Presidenza del Presidente Galvagno
La seduta è aperta alle ore 11.03
PRESIDENTE. La seduta è aperta.
Processo verbale della seduta precedente
PRESIDENTE. Avverto che il processo verbale della seduta
precedente è posto a disposizione degli onorevoli deputati che
intendano prenderne visione ed è considerato approvato, in assenza
di osservazioni in contrario, nella presente seduta.
Disegno di legge Variazioni al bilancio della Regione per
l'esercizio finanziario 2025
e per il triennio 2025-2027 (n. 976/A)
PRESIDENTE. Si passa al secondo punto dell'ordine del giorno:
Discussione di disegni di legge.
Onorevoli colleghi, incardiniamo intanto il disegno di legge n.

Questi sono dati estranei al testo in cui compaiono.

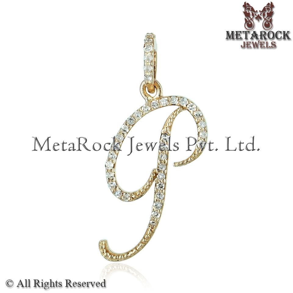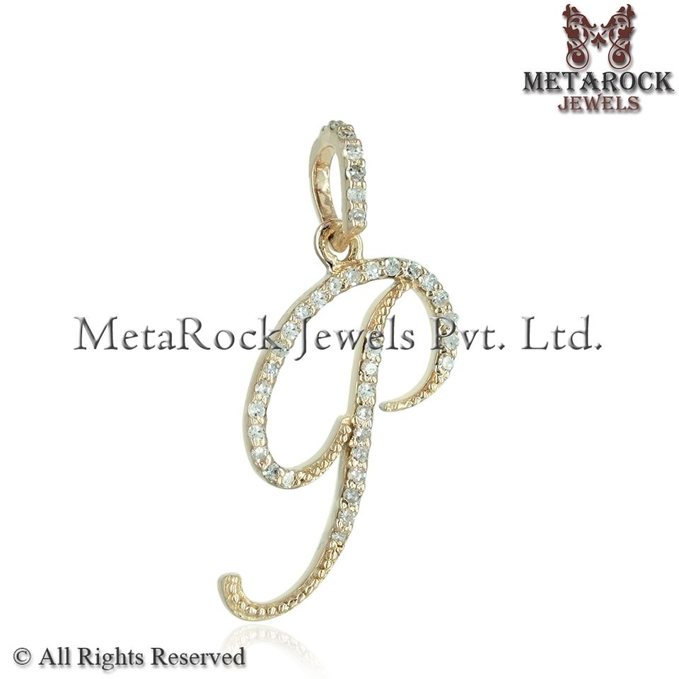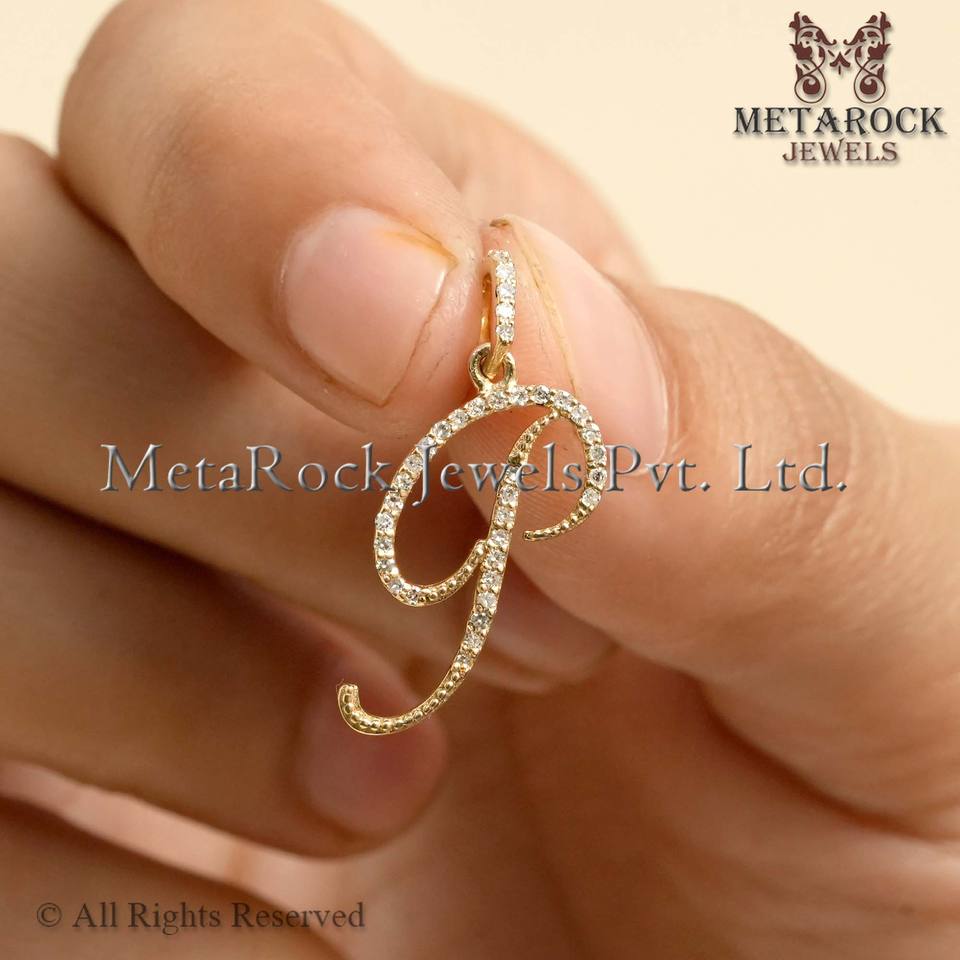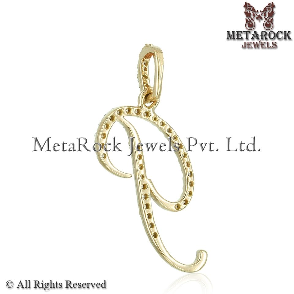 Pendentif Lettre Initiale Cursive en Diamant Naturel, Or Jaune 14 carats, Bijoux Fins en Gros, Unisexe, Cadeau d'Anniversaire
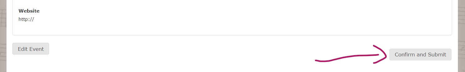 You have successfully entered your event, and it will be sent to the website admin for approval. You will receive an email confirmation when it is approved. Please
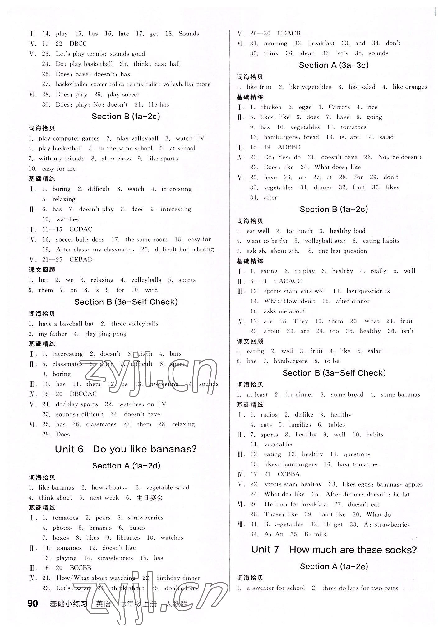 注:目前有些书本章节名称可能整理的还不是很完善,但都是按照顺序排列的,请同学们按照顺序仔细查找。练习册 2022年全品基础小练习七年级英语上册人教版 答案主要是用来给同学们做完题方便对答案用的,请勿直接抄袭。
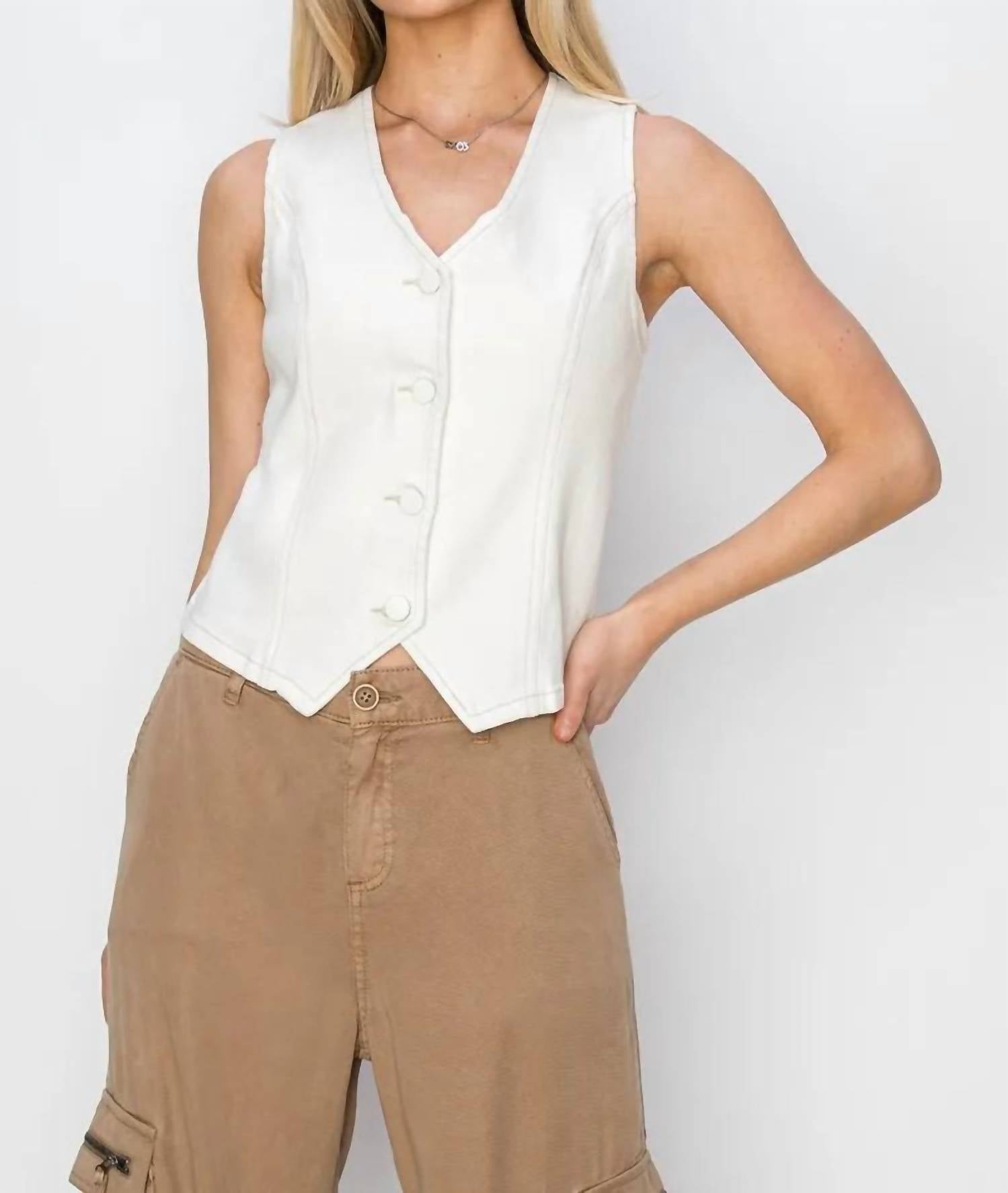 Throw this vest over an all black outfit for a perfectly polished look. Elevate your spring wardrobe with the RISEN V Neck Button Down Vest in a versatile white hue. Tailored for a flattering fit, this sleeveless vest features a button closure and a sophisticated V-neckline. Crafted from a durable cotton blend composed of 98% Cotton and 2% Spandex, it offers stylish ease with no stretch for crisp structure. Care is simple with machine wash cold and tumble dry low, making it a practical choice for transitional layering, perfect for casual or polished looks. Measurements include a consistent top length of 21.8 inches across available sizes: S (Bust 35"), M (37"), L (39"), XL (41").
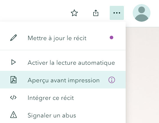 Une fois publié, il est possible de sauvegarder le récit en format PDF ou de l’intégrer (balises iframe) (Figure 9). Il est recommandé de télécharger une copie PDF pour archiver votre travail.
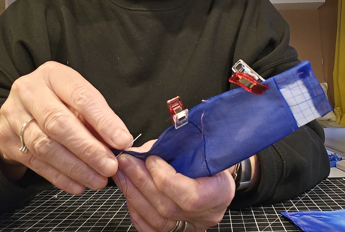 Deel 2: Als tegenhanger van het snellere werken met de naaimachine, ga je aan de slag met de traditie van het naaien met de hand. Met de hand houd je maximale controle over de stof. Dit is cruciaal bij het werken met de weerbarstige zijden organza. Zijden organza heeft een 'eigen wil' en laat zich het beste sturen door precieze, handgemaakte steken.
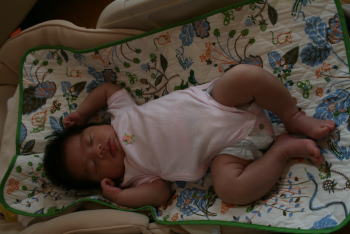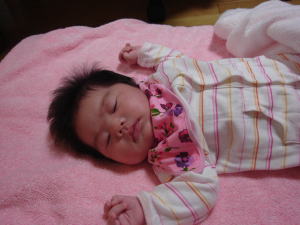 昨日は無事に一ヶ月検診に行ってきました。体重は順調に約1.5キロ増えて4450グラムになっていました。また先天性異常なども何もなく・・そして、私の体調も順調に回復してきているということでほっとしました。とりあえず、一区切りがついたな~という感じがしました。もう外にも少しずつ出られますから、今朝は朝5時起きだったので、朝の沐浴を済ませてから、6時半前からマイキーたちのお散歩も兼ねて、真織も涼しくて空気のきれいな朝のうちに外気浴。スリングに入ってのお散歩です。お散歩中の写真がないので・・・さっき洗面所で撮ってみました♪(片手で撮っているので、ちょっとブレてます・・)このスリング、わりと安い(4000円弱)なのに本当使いやすいです!出産前にネットで、このお店の口コミが良かったので買ったのですが、大当たりでした!前にベビーザラスで見たときはスリングが1万円近くしていて・・ちょっとなあと思っていたのですが、こちらの「プルーム」さんのは安いし、とっても使いやすくて真織は入るとすぐ「Zzz・・」と寝てしまいます。おなかの中にいる感覚と近いらしくて安心するみたいです。今日、もう一つ違う柄のをオーダーしようと思っています。7月に姉が買ってくれたコーチです。ちょっと大き目のサイズです。またこれもこのスリングとは別方向に斜めがけすることも。その格好に、マイキーたち引っ張って・・との格好はかなり笑えると思います。うちの近所ではもう定番のスタイルですが。。見る人は笑っているかも・・でも今朝も近所のわんこお散歩仲間のおばさんに真織もマイキーたちもかわいがってもらえました♪もう、私の格好は少々?でもいいっか・・と思っています。真織やマイキーアーミーが安全にお散歩できることが第一ですね!朝のお昼寝♪夕方の真織の授乳タイムとマイキーたちのご飯タイムと私たちの夕飯準備が重なる頃がいつもかなり忙しいです。
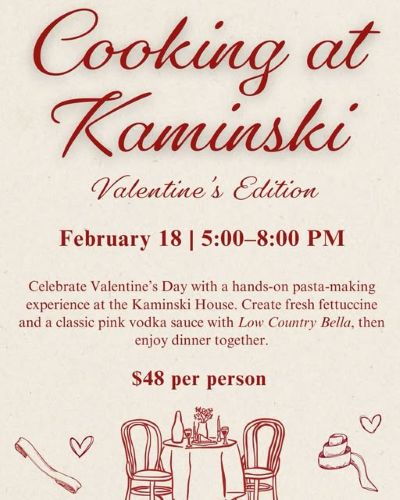 Celebrate Valentine's Day with a hands-on pasta-making experience at the Kaminski House. Create fresh fettuccine and a classic pink vodka sauce with Low Country Bella, then enjoy dinner together. Tickets are $48. Buy them online at: https://www.kaminskihouse.org/event-details/cooking-at-kaminski-with-lowcountry-bella |
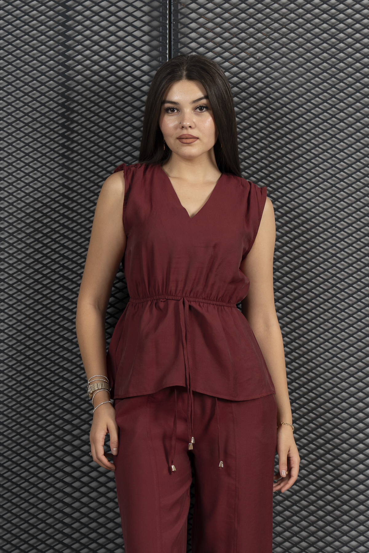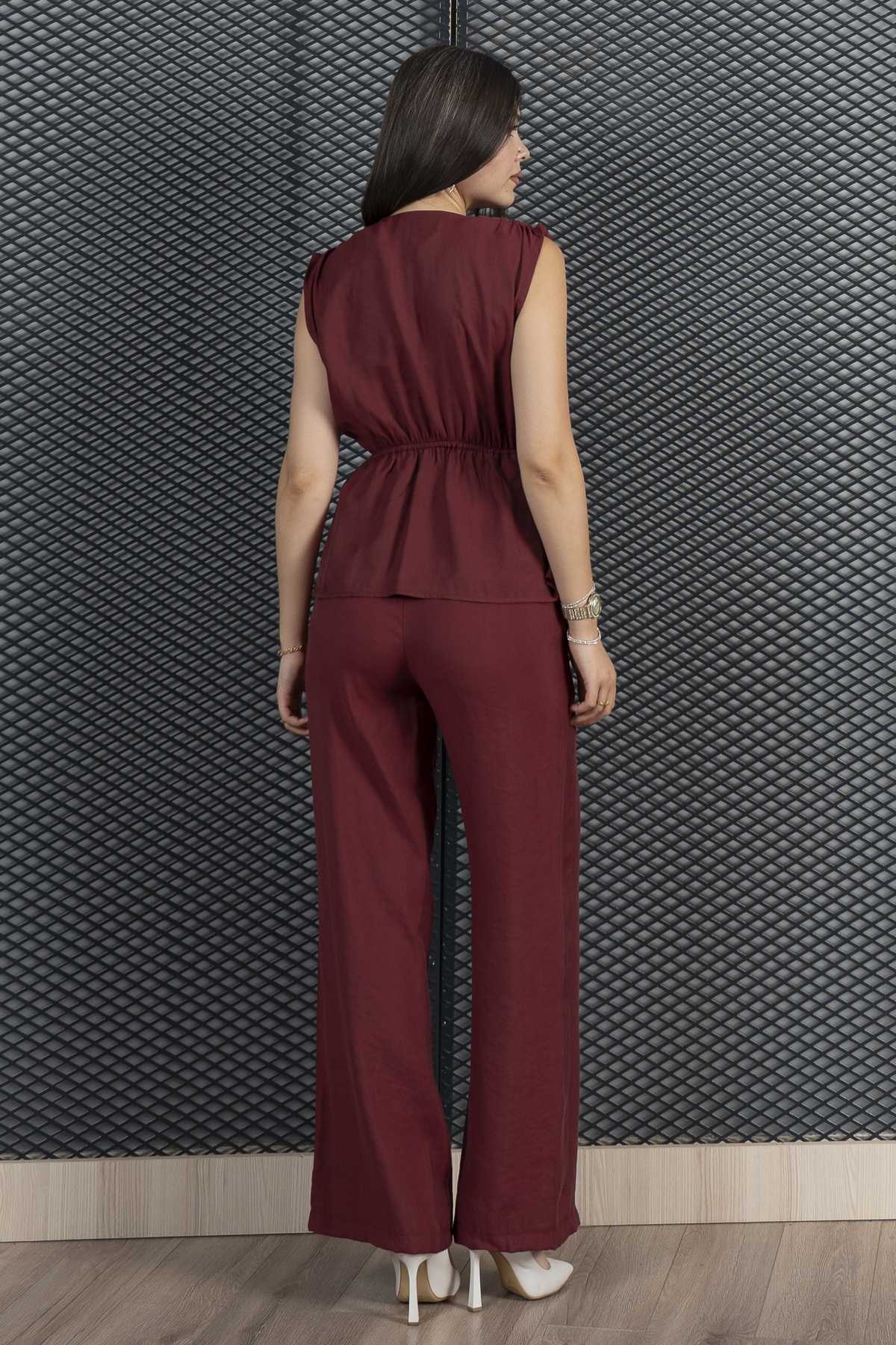 Omuzları Büzgülü Beli Lastikli Bluz Ve Önden Yırtmaçlı Pantolon Takım 1249 (Y25YARE1249-22)
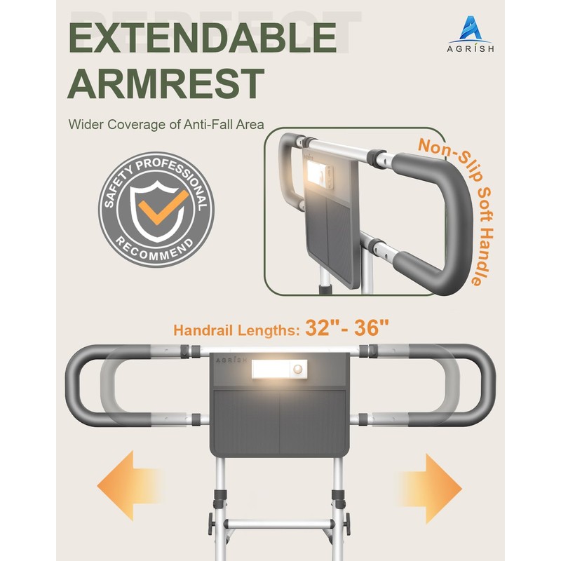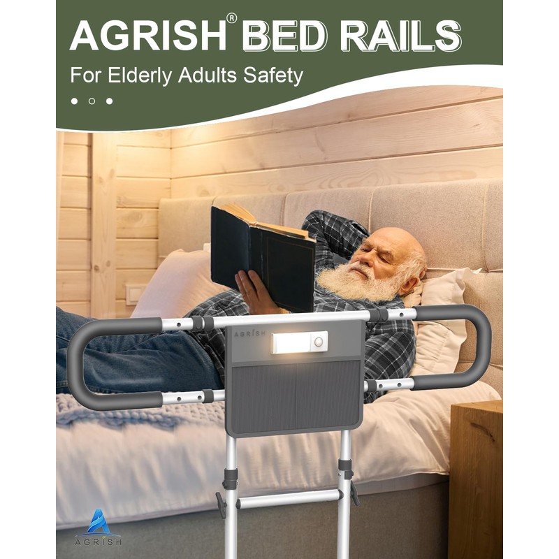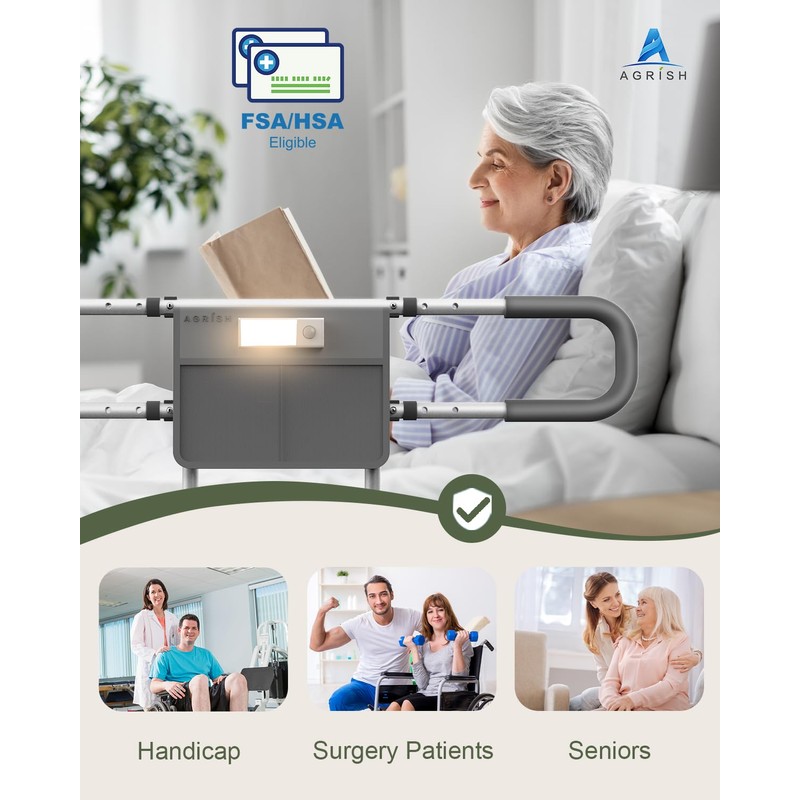 Agrish Bed Rails for Elderly Adults Safety - FSA/HSA Eligible with Motion Light & Storage Pouch - Bed Assist Rails for Seniors, Surgery Patients & Handicap, Fit King Queen Full Twin Bed

976/A Variazioni al bilancio della Regione per l'esercizio
finanziario 2025 e per il triennio 2025- 2027 e al contempo gli
altri disegni di legge relativi ai debiti fuori bilancio che sono
già iscritti all'ordine del giorno. Diamo termine per la
presentazione degli emendamenti a lunedì 6 ottobre 2025, alle ore
18:00 e poi martedì, dopo aver votato il componente della Corte dei
Conti e aver dato il parere per quanto riguarda il disegno di legge
di modifica dello Statuto, inizieremo la discussione generale del
disegno di legge di variazioni di bilancio.
Sull'ordine dei lavori
GIAMBONA. Chiedo di parlare sull'ordine dei lavori.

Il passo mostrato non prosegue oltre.